I listen to the radio with Dan and Jim while watching the TV with the sound down. There is a about a 10-second difference between two and it is frustrating, but nearly as bad as Ol' Rod. SERIOUSLY, GET RID OF THIS CLOWN NOW!
So, back to my question, Dave, why do you keep him? This ought to be good!
A: It's quite simple, really. Rod gives Mario street cred. That’s what my P.R. people tell me, anyway.
Q: Why the hell do you keep drafting bullpen arms?
A: It just works out that way. I mean…oh, what the heck. I’m going to let you in on a little secret when it comes to draft day.

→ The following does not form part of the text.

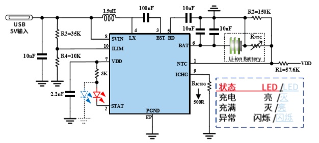 ■ LED指示燈使用時(shí)需接限流電阻到VDD,推薦3K。如需使用雙燈方案,必須按照圖中LED燈顏色配置,請購買對應(yīng)顏色LED燈進(jìn)行實(shí)驗(yàn),充 電時(shí)紅燈亮,藍(lán)燈滅;充滿時(shí)藍(lán)燈亮,紅燈滅;異常時(shí)紅燈藍(lán)燈交替閃爍。

There is no science to the MLB Draft. For every Joe Mauer there is an Albert Pujols. You never know what some kid is going to turn into. So, we don’t even prepare for the draft anymore. Sure, we outline which family members of Tiger personnel we plan on selecting, but for the rest of it, we just throw darts at a wall.
Whomever the dart hits, that’s who we draft. I still remember in 2006 when I was aiming for Tim Lincecum and I ended up hitting Andrew Miller instead. Oh well. There are no do-overs. That’s life.
Q: My wife and I are considering hiring a new babysitter. Any suggestions on what we should look for?
A: When in doubt, hire a Venezuelan. There isn’t anything those people cannot do.
This is all I can bare. I attempted to do some good by putting myself out on this blog. But I see this was futile. I shall return to my duties for the time being. Though I think he should be the one thanking me, I would like to thank Mr. Rogowski for this chance at addressing the masses. Perhaps I shall return later in the season. For now, though, I am through with the lot of you.
Don't forget to stop by the official Tigers shop at mlb.com and do something positive in your lives for once. Support your team.
Thank you, good sir. I'll never forget this.